Over the past few months, Indian courts have surprisingly delivered speedy judgements in several human trafficking cases.
This includes sentencing traffickers to life in jail, denying bail to a suspect facing charges, and ordering compensation to be paid to a trafficking victim even though her trial was ongoing.
In a country where the vast majority of trafficking cases stall — or never make it to court at all — the new speed of the judiciary is raising hopes for some trafficking survivors.
“The judiciary is paving the way for a better shot at justice for survivors,” said Saji Philip of the anti-trafficking NGO International Justice Mission.
Thomson Reuters Foundation reports:
This month, judges Ravi Krishan Kapur and Joymalya Bagchi of the Calcutta High Court, in West Bengal state, cancelled the bail of a hotel owner who said she was unaware of trafficked girls and women being sexually exploited on the premises.
In their order, the judges acknowledged that the “menace of trafficking of women and minors had assumed alarming proportions,” and excoriated police for failing to take action.
In March, two brothel owners were jailed for life for the trafficking, rape and sexual abuse of children in Gaya in the eastern state of Bihar – a rare sentence in such cases.
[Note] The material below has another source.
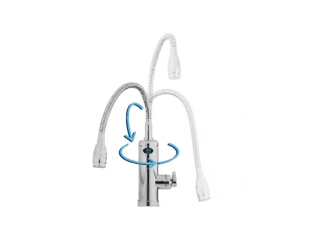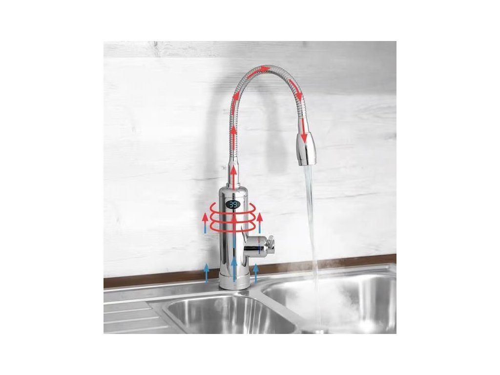 Protékajúca voda je okamžite ohrievaná vestavěnou vysoko výkonnou topnou špirálou, a preto vychádza z batérie Aquadon príjemne teplá počas niekoľkých sekúnd.

In another case this month, the Calcutta High Court said it would be “gross inhumanity” to delay compensation for a trafficking survivor, and ordered state authorities to pay up within 10 days even though her trial was not over.
Prodipto Ganguly, a public prosecutor in West Bengal — which has the highest number of trafficking cases of any Indian state — applauded the recent landmark judgements, but cautioned that justice remains elusive for most victims.
“The accused often get bail easily, victims are threatened and forced to change their testimonies and this makes getting a conviction difficult,” he said.
Sarfaraz Ahmed Khan, author of Sex Trafficking and the Law, also pointed out that the victims who recently won their cases were all supported by advocacy groups.
“In all other cases, the victim is an outsider in the judicial process, unaware and often revictimized,” he said.
“These verdicts give us confidence but they are 0.1 percent of the total cases.”